Terms and conditions of sales

Last updated 12/08-2019

  1. IN GENERAL
    These Terms of Sale and Delivery apply to any purchase of user licenses for COMAsystem, installation and setup of the system, user instructions and support as well as further agreed and specified supplementary consultancy assistance for registration of contracts and contract data, etc.

     

    Data processor agreement (download af pdf) is accepted by acceptance of these Terms of Sale and Delivery. Deviations from the provisions of these Terms of Sale and Delivery are only valid with the supplier’s written consent.

  2. LICENSING RIGHTS
    The customer has access to the COMA system through purchased licenses (s). The user license (s) are personal. The license (s) may not be misused, copied or transferred to third parties.
  3. PRICES
    All prices and amounts are stated in Danish kroner and excl.

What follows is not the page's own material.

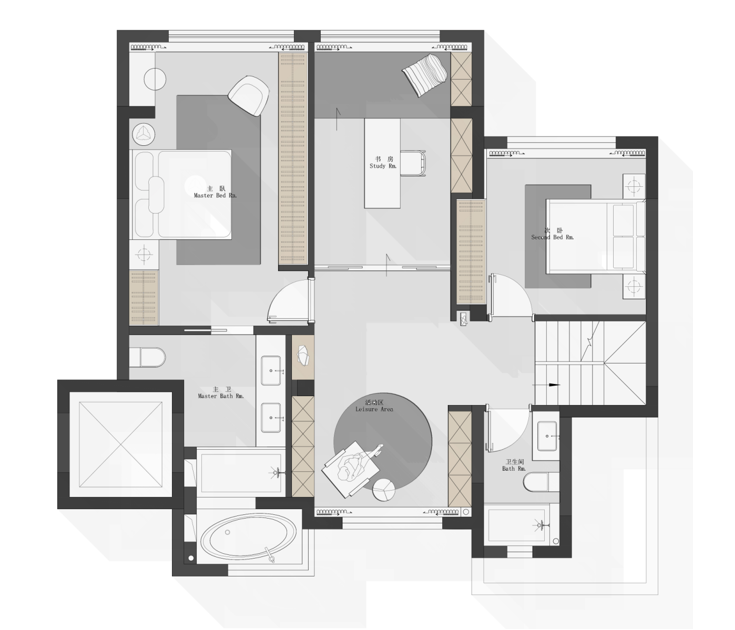 二樓我們?cè)O(shè)計(jì)了兩個(gè)臥室,東南面是一個(gè)主人的大套房,雙臺(tái)盆衛(wèi)浴都齊全,還有設(shè)計(jì)一個(gè)大浴缸,外面的區(qū)域大多做了休閑娛樂,應(yīng)主人的要求安排了書房,南面另一個(gè)次臥可以做客房或者兒童房。

VAT. Prices at the time of the agreement are valid.
  4. PRICE CHANGES
    The license fee is automatically adjusted once a year according to the net price index, however, with a maximum of an annual increase of 5%. Correspondingly, agreed hourly rates for consultancy assistance are adjusted once a year for the following calendar year. If an agreement is subsequently entered into with the customer for additional consulting assistance, the hourly rates applicable for agreed consulting services apply at all times.
  5. PAYMENT
    The agreed installation price for COMAsystem is due for payment in cash 8 days net after the installation is completed. License fee for COMAsystem is due for payment quarterly in advance 14 days net. Fee for the agreed supplementary consultancy assistance is due for payment monthly in arrears in cash 14 days net.
  6. INTEREST ON LATE PAYMENTS
    In the event of late payment, default interest of the amount due will accrue at 2% per. commenced month as well as reminder fee, collection fee and other costs that may be associated with late payment.
  7. TIME OF DELIVERY
    The stated time of delivery is approximate and subject to delays. The customer may not terminate agreements entered into due to delays attributable to the supplier, unless the delay exceeds 3 months. The customer cannot raise a claim against the supplier due to delays.
  8. VIOLATION
    It is considered a material breach if the customer does not pay on time for the agreed services, which entitles the supplier to terminate the agreement, unless the customer after a written demand of 10 working days brings the breach to an end. The supplier is entitled to claim his loss in the event of default by the customer in accordance with the general rules of Danish law. In the event of justified termination, the supplier is entitled to remuneration for the work performed up to the completion of the termination as well as deliveries made, etc. in addition to a possible claim for compensation.
  9. RELATION TO THE CUSTOMER
    The supplier is not responsible for postponement of deadlines, delays and deficiencies, etc., which are due to conditions at the customer.
  10. RETENTION OF TITLE
    The supplier retains ownership of what is sold until full and final payment has taken place. The supplier has no access or ownership of the customer’s data, contracts, etc. which the customer has entered into the system.
  11. LIMITATION OF LIABILITY
    The supplier’s liability is limited in amount to DKK 200,000 incl. VAT. The supplier cannot be held liable for indirect losses, including consequential damages or other indirect losses, operating or revenue losses, loss of time, lost earnings or losses due to lack of capacity utilization, loss of image or goodwill, loss of data, etc. See Appendix 1 (SLA) and Appendix 2 (Data Processor Agreement).
  12. PRODUCT LIABILITY
    The supplier’s possible product liability follows the general rules of Danish law. The product liability for business damage and product liability, which is based on the product liability developed in case law, is limited in amount to DKK 200,000 incl. VAT. However, the amount limitation of product liability does not apply to personal injuries.
  13. DATA PROCESSING & SUBCONTRACTORS
    The supplier is using subcontractors and third party products etc. to fulfill its obligations to the customer, as specified in the applicable data processor agreement.
  14. TRANSPORT OF RIGHTS
    The Supplier is entitled to transfer all rights and obligations under agreements entered into to third parties.
  15. DUTY OF CONFIDENTIALITY
    The Supplier and the Customer undertake, both during and after the termination of the cooperation, not to disclose og pass on the other party’s trade or business secrets or to exploit such information to the detriment of the other party.
  16. CHANGES AND ADDITIONS FOR SPECIFIC AGREEMENTS
    All changes and additions to agreements must happen by a written agreement between the customer and the supplier.
  17. DISPUTES
    Any disagreement between the supplier and the customer regarding the purchase of user licenses for COMA system, installation and setup of the system, user instructions and support for registration of 1-5 contracts as well as further agreed and specified consulting assistance for registration of contracts and contract data, etc. is subject to Danish law. Any discrepancy that cannot be resolved amicably must be settled by the Copenhagen City Court.